Before getting started, let’s explain what each option in the yaml means.

  • toc adds the table of contents to your document.

  • number-sections adds number to the section headings when sets to true.

  • Latex equations are rendered using MathJax; however, you can change this to other options, as shown above.

  • highlight-style is used to style code outputs.

  • code-overflow controls the width of source code. When sets to wrap, the source code wraps around and vice versa.

There are numerous options to style and format your document, so we recommend reading the documentation on the Quarto website.

1.2 Loading the Libraries

Here we will load pandas, seaborn, and matplotlib.

# Loading packages
import pandas as pd
import matplotlib.pyplot as plt
import seaborn as sns

# Formatting
sns.set_context('notebook')
sns.set_style('white')

1.3 Importing the Dataset

# Import the data
ss_2008_census_df = pd.read_csv('../00_data/ss_2008_census_data_raw.csv')

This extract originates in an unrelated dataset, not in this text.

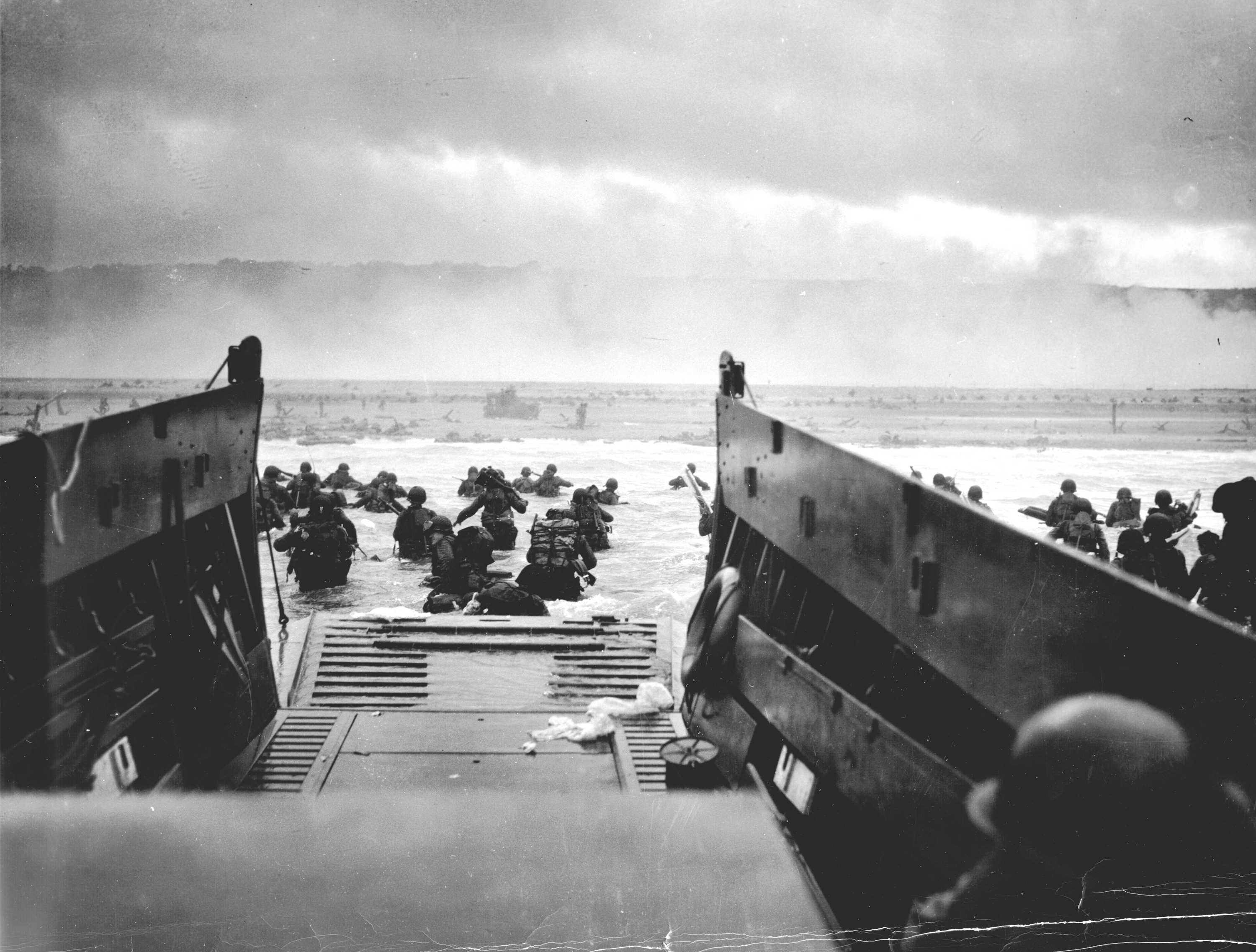 A LCVP (Landing Craft, Vehicle, Personnel) from the U.S. Coast Guard-manned USS Samuel Chase disembarks troops of the U.S. Army's First Division on the morning of June 6, 1944 (D-Day) at Omaha Beach.

# Inspect the first 5 rows
ss_2008_census_df.head()
Region Region Name Region - RegionId Variable Variable Name Age Age Name Scale Units 2008
0 KN.A2 Upper Nile SS-NU KN.B2 Population, Total (Number) KN.C1 Total units Persons 964353.0
1 KN.A2 Upper Nile SS-NU KN.B2 Population, Total (Number) KN.C2 0 to 4 units Persons 150872.0
2 KN.A2 Upper Nile SS-NU KN.B2 Population, Total (Number) KN.C3 5 to 9 units Persons 151467.0
3 KN.A2 Upper Nile SS-NU KN.B2 Population, Total (Number) KN.C4 10 to 14 units Persons 126140.0
4 KN.A2 Upper Nile SS-NU KN.B2 Population, Total (Number) KN.C5 15 to 19 units Persons 103804.0
# Inspect the last 5 rows
ss_2008_census_df.tail()
Region Region Name Region - RegionId Variable Variable Name Age Age Name Scale Units 2008
448 KN.A11 Eastern Equatoria SS-EE KN.B8 Population, Female (Number) KN.C14 60 to 64 units Persons 5274.0
449 KN.A11 Eastern Equatoria SS-EE KN.B8 Population, Female (Number) KN.C22 65+ units Persons 8637.0
450 NaN NaN NaN NaN NaN NaN NaN NaN NaN NaN
451 Source: National Bureau of Statistics, South Sudan NaN NaN NaN NaN NaN NaN NaN NaN
452 Download URL: http://southsudan.opendataforafrica.org/fvjqdp... NaN NaN NaN NaN NaN NaN NaN NaN

Above, we see that the three last rows contain nas (missing values). One is the data source where we obtained this dataset, and the other is the data URL.

2 Cleaning and Transforming the Data

2.1 Checking for Missing Values

Now that we have imported our dataset, we will clean and manipulate it. First, we will reconfirm the missing values and proceed with our data wrangling process.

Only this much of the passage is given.